Forging a career in writing far cry from hospital job

Best-selling British romantic comedy author Jill Mansell in Dunedin this week at the start of her...
Best-selling British romantic comedy author Jill Mansell in Dunedin this week at the start of her New Zealand and Australia tour to promote her latest book 'An Offer You Can’t Refuse', published by Headline Review. Photo by Peter McIntosh
British author Jill Mansell could have had a very different writing career - as a forger.

It does not quite fit the image of a best-selling romantic comedy writer, but neither does her previous 18-year career as an electro-encephalographic technician at Burden Neurological Hospital, where she dealt with people with a wide range of conditions, from epilepsy to brain tumours.

The work included working in intensive care recording brain death for people whose organs would later be used for transplants and visiting prisons to test people suspected of committing murders.

There were conditions which caused people to commit violent acts without the person being aware of it, she said in an interview in Dunedin this week.

She began training for the job at 16 after her mother saw the job in a newspaper. The title hooked her, even though she was much better at art than science at school.

She found the work "absolutely fascinating''.

The hospital was a friendly place to work and ‘‘if the cleaner had a party, all of the consultants would go along and vice-versa''.

Mansell pursued her artistic interests through art classes in sculpture, life drawing and cartooning. She was quite good at cartooning, but realised that exaggerating people's features was not a good way to win friends.

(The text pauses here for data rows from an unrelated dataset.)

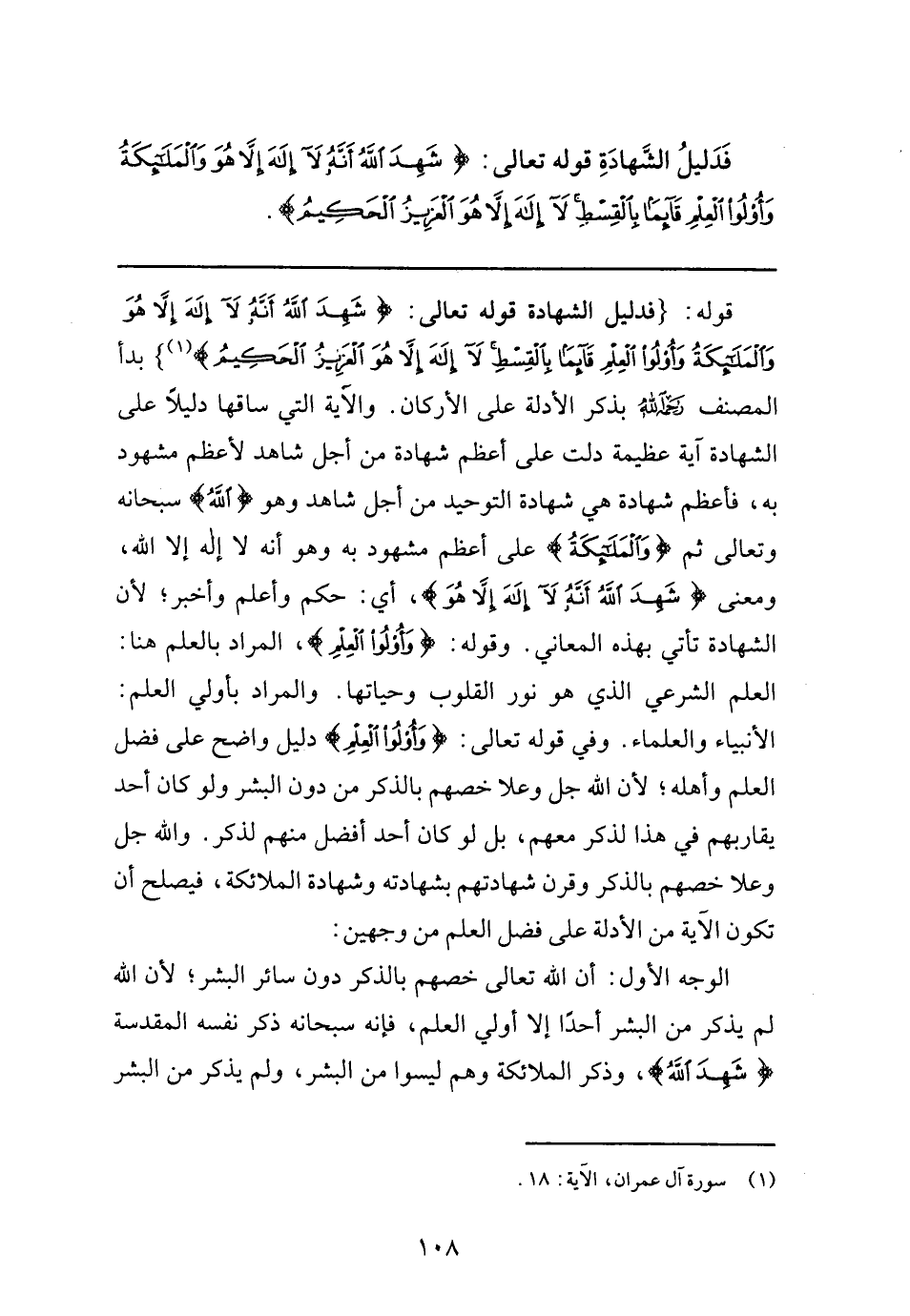 قوله: "فَدَلِيلُ الشَّهَادَةِ قَوْلُهُ تَعَالَى: {شَهِدَ اللَّهُ أَنَّهُ لا إِلَهَ إِلَّا هُوَ وَالْمَلائِكَةُ وَأُولُو الْعِلْمِ قَائِماً بِالْقِسْطِ لاَ إِلَهَ إِلَّا هُوَ الْعَزِيزُ الْحَكِيمُ} 1" بدأ المصنف رحمه الله بذكر الأدلة على الأركان. والآية التي ساقها دليلاً على الشهادة آية عظيمة دلت على أعظم شهادة من أجل شاهد لأعظم مشهود به، فأعظم شهادة هي شهادة التوحيد من أجل شاهد وهو {اللَّهُ} سبحانه وتعالى ثم {والْمَلائِكَةُ} على أعظم مشهود به وهو أنه لا إله إلا الله، ومعنى {شَهِدَ اللَّهُ أَنَّهُ لاَ إِلَهَ إِلَّا هُوَ} ، أي: حكم وأعلم وأخبر؛ لأن الشهادة تأتي بهذه المعاني: وقوله: {وَأُولُو الْعِلْمِ} ، المراد بالعلم هنا: العلم الشرعي الذي هو نور القلوب وحياتها. والمراد بأولي العلم: الأنبياء والعلماء. وفي قوله تعالى: {وَأُولُو الْعِلْمِ} دليل واضح على فضل العلم وأهله؛ لأن الله جل وعلا خصهم بالذكر من دون البشر ولو كان أحد يقاربهم في هذا لذكر معهم، بل لو كان أحد أفضل منهم لذكر. والله جل وعلا خصهم بالذكر وقرن شهادتهم بشهادته وشهادة الملائكة، فيصلح أن تكون الآية من الأدلة على فضل العلم من وجهين:
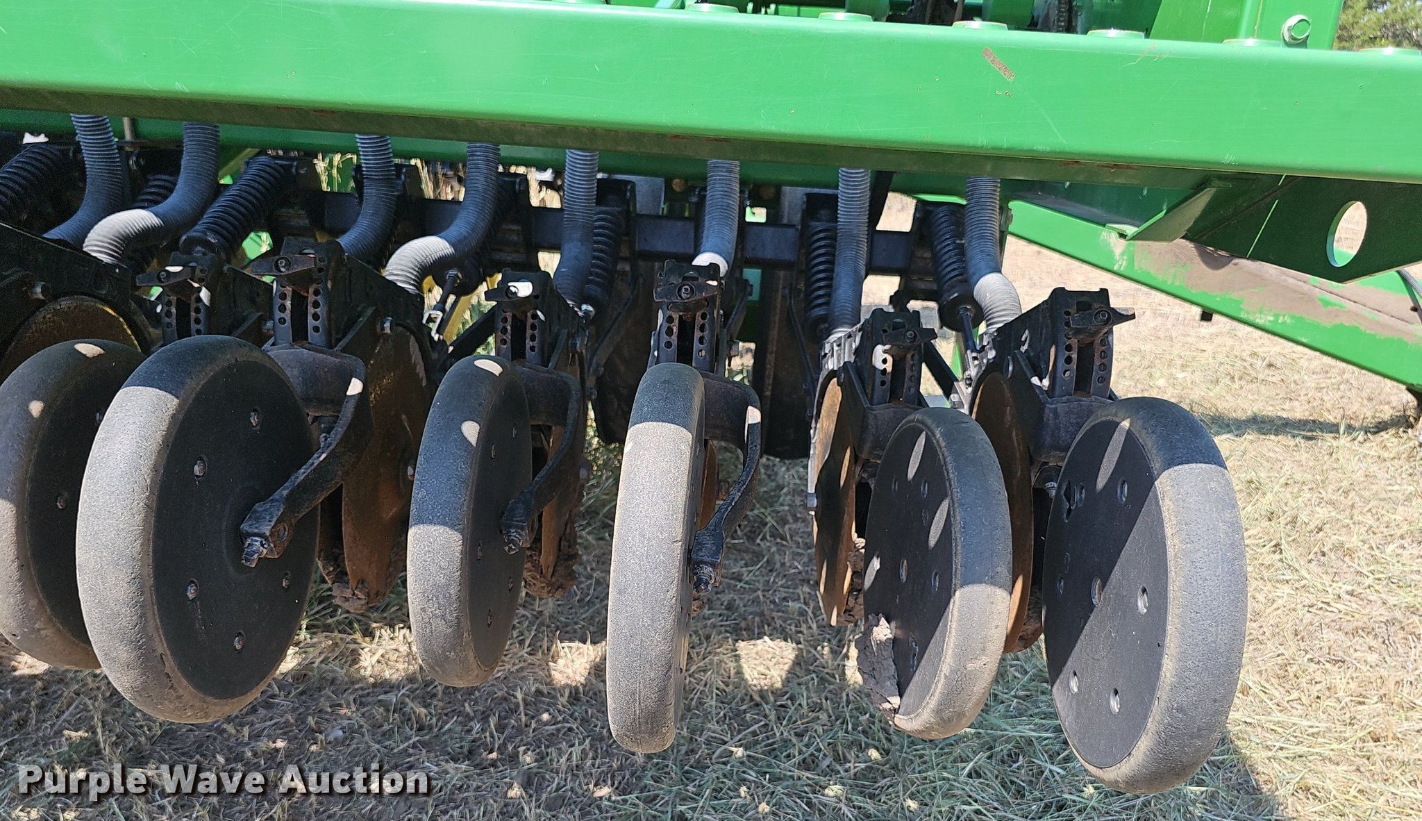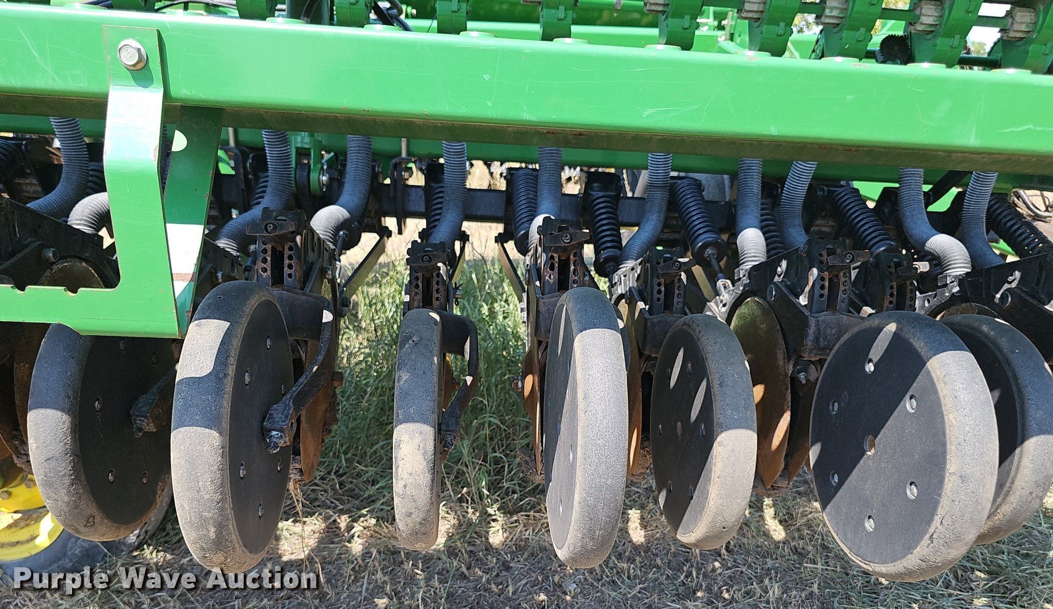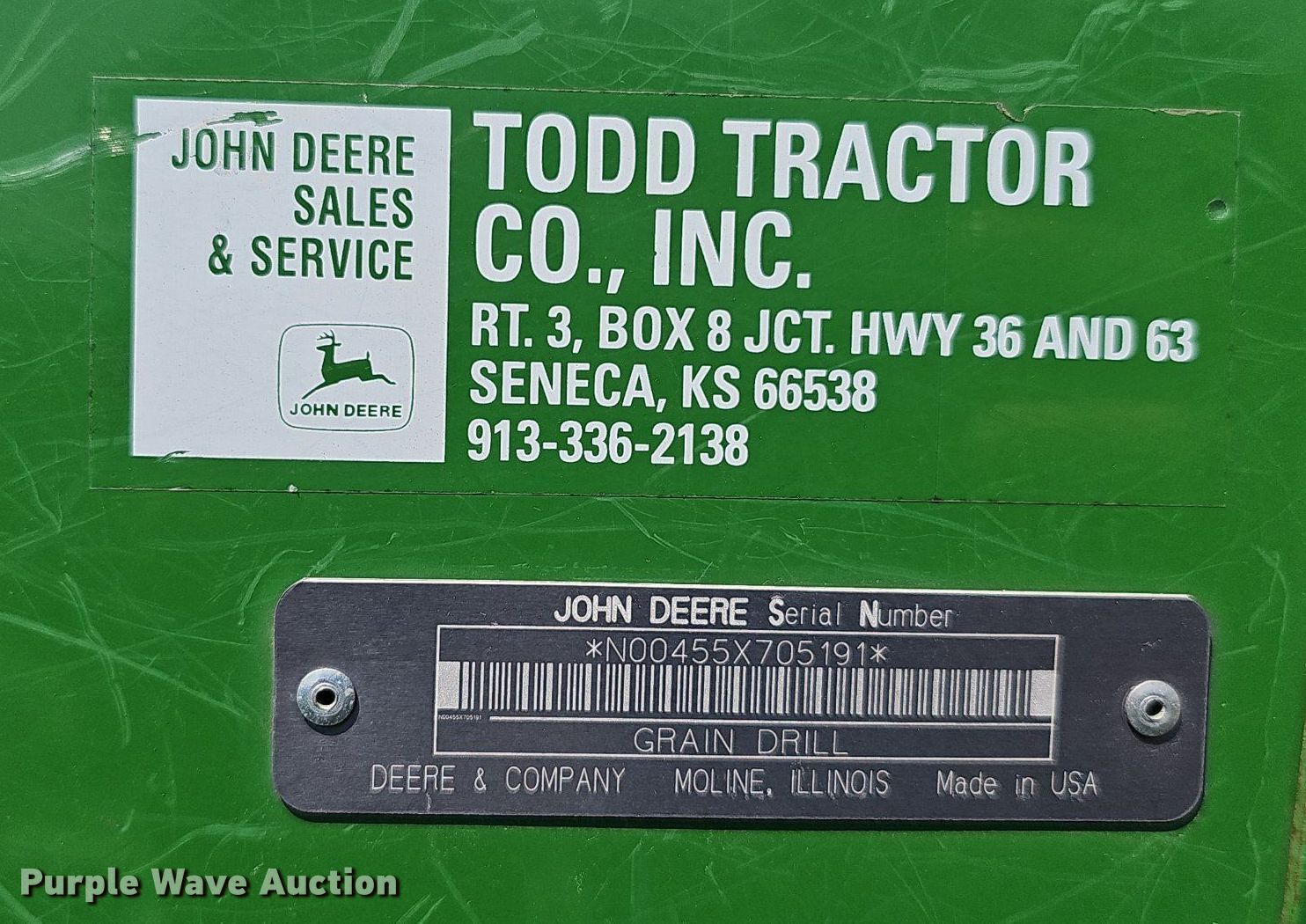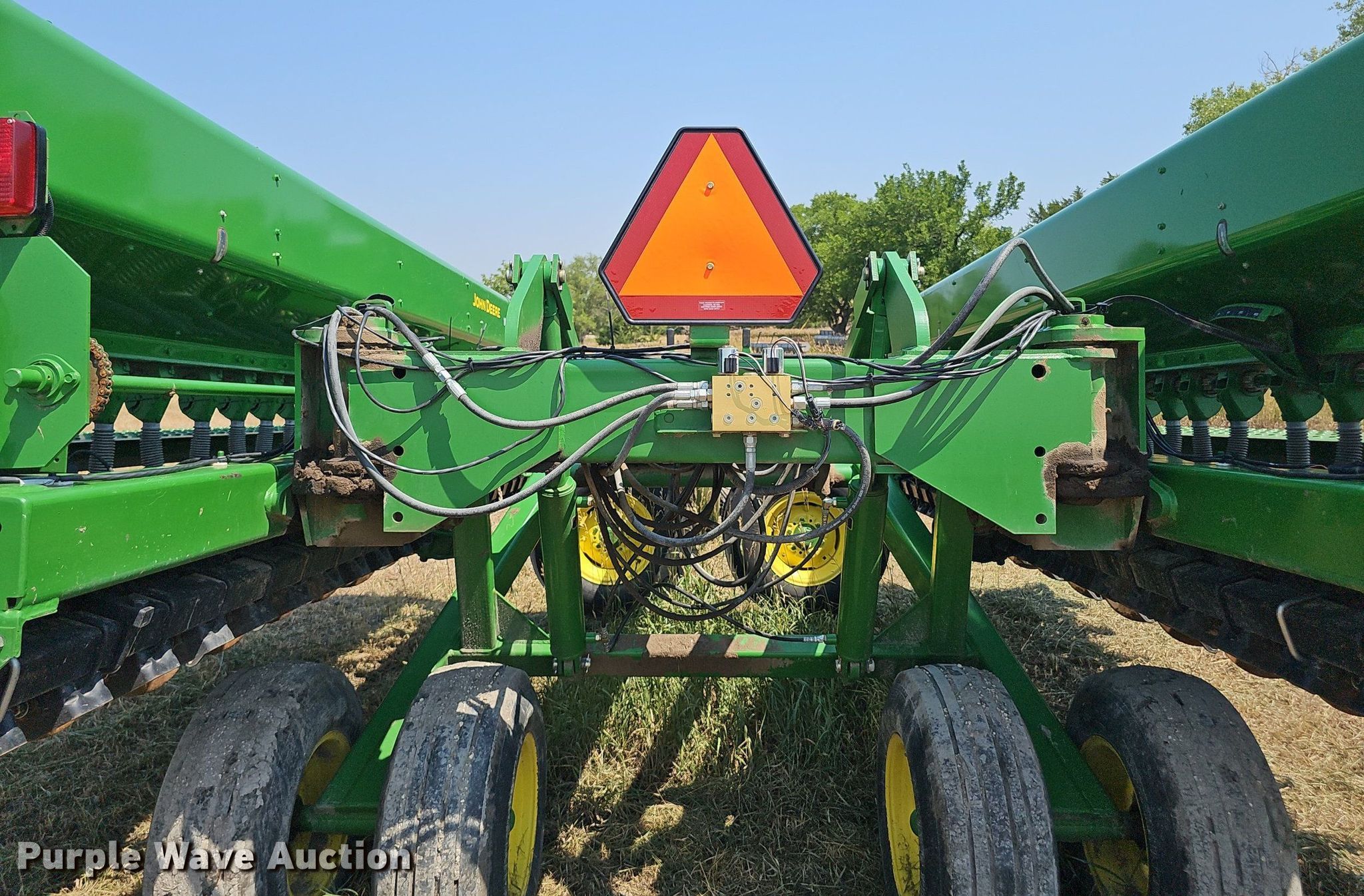 Purple Wave is selling a used Grain Drill or Seeder in Kansas. This item is a John Deere 455 grain drill with the following: Width: 24', Row units: 40, Row spacing: 7", Serial: N00455X705191
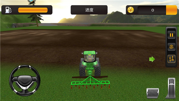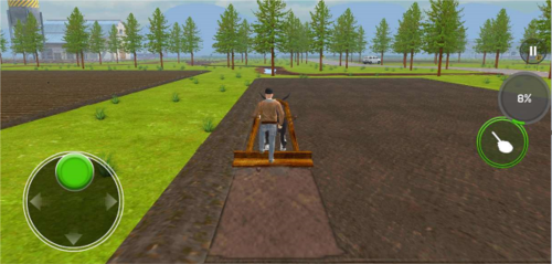 8、安装好后,根据箭头来到田边,行驶时按住右边的图标开始耕地。
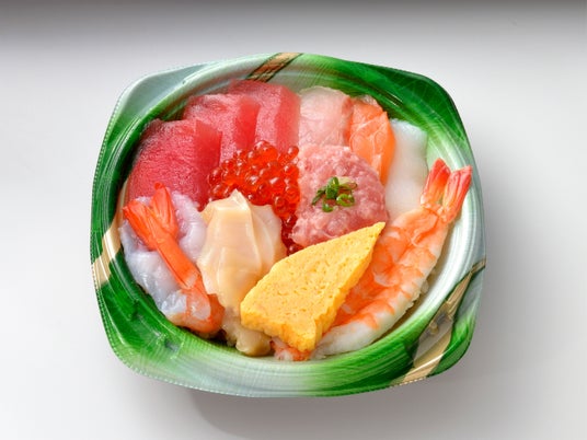 まぐろ、いくら、サーモン、白身、蒸しえび、玉子焼き、きゅうり、錦糸玉子
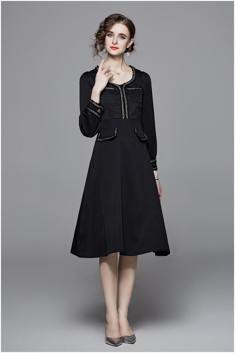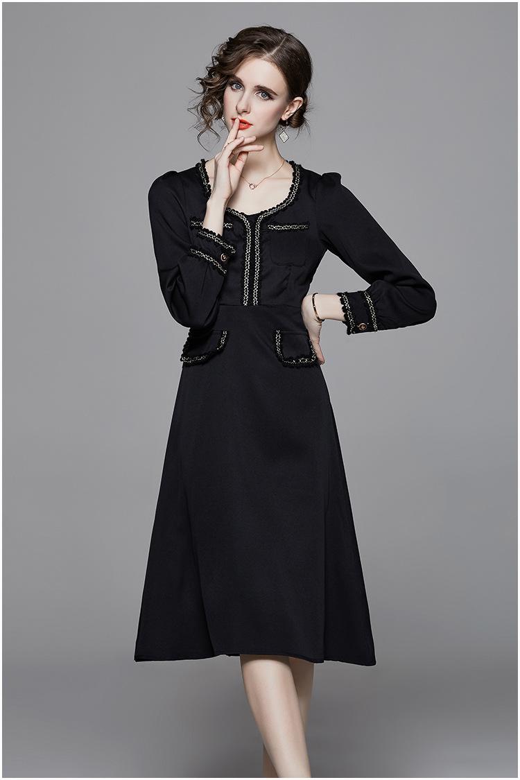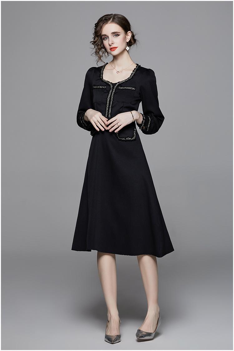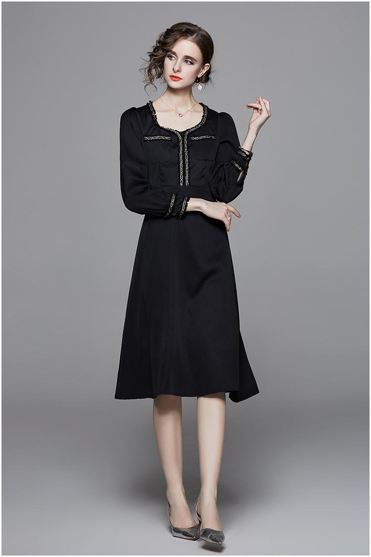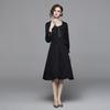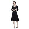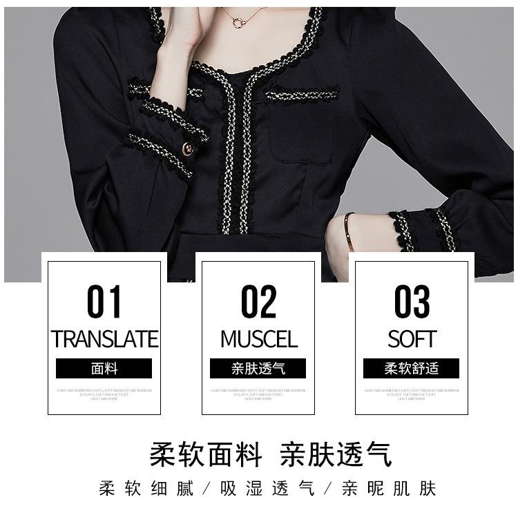 Vestido Negro Estilo Hepburn Europeo y Americano 2024 Otoño Nuevo Cuello Cuadrado Francés Retro Look Adelgazante Falda Midi
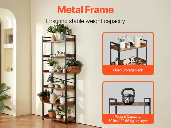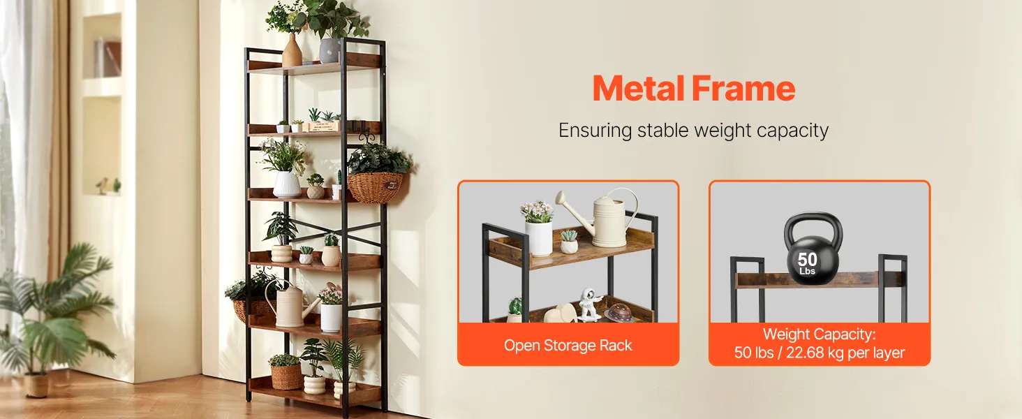 Sturdy and Durable: Built with a full metal support frame, this open bookshelf is not only robust and long-lasting but also supports up to 50 lbs per shelf, ensuring your valuables are securely stored, standing the test of time.

Her party piece was forging signatures, a skill she demonstrated during our interview with a more than passable copy of mine, which she conceded was more difficult than most she had attempted.

However, she was not pleased recently when she discovered her son had been forging her signature on a daily report. After she had finished telling him off, he said, ‘‘but tell me something - was it a good signature?'' She had to admit it was.

Although Mansell was keen on writing as a child, she virtually stopped reading as a young adult and remembers her mother, a great reader, forcing her to read Daphne du Maurier's Rebecca by paying her to do so.

She could relate to her partner treating reading her first book like an exam.

‘‘He'd say ‘I'm up to chapter 36. Test me, I know it'.''

Her life changed when she saw a feature in the Sunday Express about women writers who had made a living from writing.

Working in the hospital, she knew how much money she was going to earn ‘‘to a penny'' to the day she retired and she felt that writing was something she could attempt without a great outlay.

She joined a writing class of about 20 women; four are now published authors.

The whereabouts of her first handwritten book is a mystery. It was going to be typed by a girl who worked with her partner, so she gave it to the typist and never saw it again. It was the only copy.

She laughs about the experience now, saying the book probably was ‘‘really bad''.

Mansell's next offering was rejected by Mills & Boon for having too much humour, but she found it impossible to take the humour out.

Her first publishing success she describes as being like Goldilocks and the Three Bears.

‘‘The first agent said it was unpublishable because too much happens in it, the second said it was unpublishable because not enough happens in it and, could there be more sex in it - there couldn't be because my mum was typing it for me - and the third agent said it was just right.''

The book was Fast Friends, first published in 1991. She now has 19 books to her name, dealing with issues such as unwanted pregnancy, adultery and the empty nest syndrome in a ‘‘feel-good'' fiction way.

She left work to write full-time when she became pregnant with her daughter more than 15 years ago, thinking her baby would be sleeping all the time and she could carry on writing.

‘‘She didn't sleep at all. It was an absolute nightmare, but luckily for me it did work out.''

Mansell said the family could not have afforded to pay for child-care to allow her to continue in her previous occupation.

She makes no apologies for writing light fiction and is irritated by people who ask how many books she ‘‘churns'' out in a year.

‘‘If it is so easy, why don't they do it?''

There was nothing wrong with making people laugh and cry and cheering people up. Sometimes, people wrote to say they were grateful to have her books when they were going through tough times.

During her time in New Zealand, she will not be taking time out to catch up with rugby players, saying she is ‘‘ a bit past that''.

At home, however, members of the Bristol rugby team who practise on grounds near her house are used to seeing her become airborne as she bounces on her trampoline in her back yard during her writing breaks.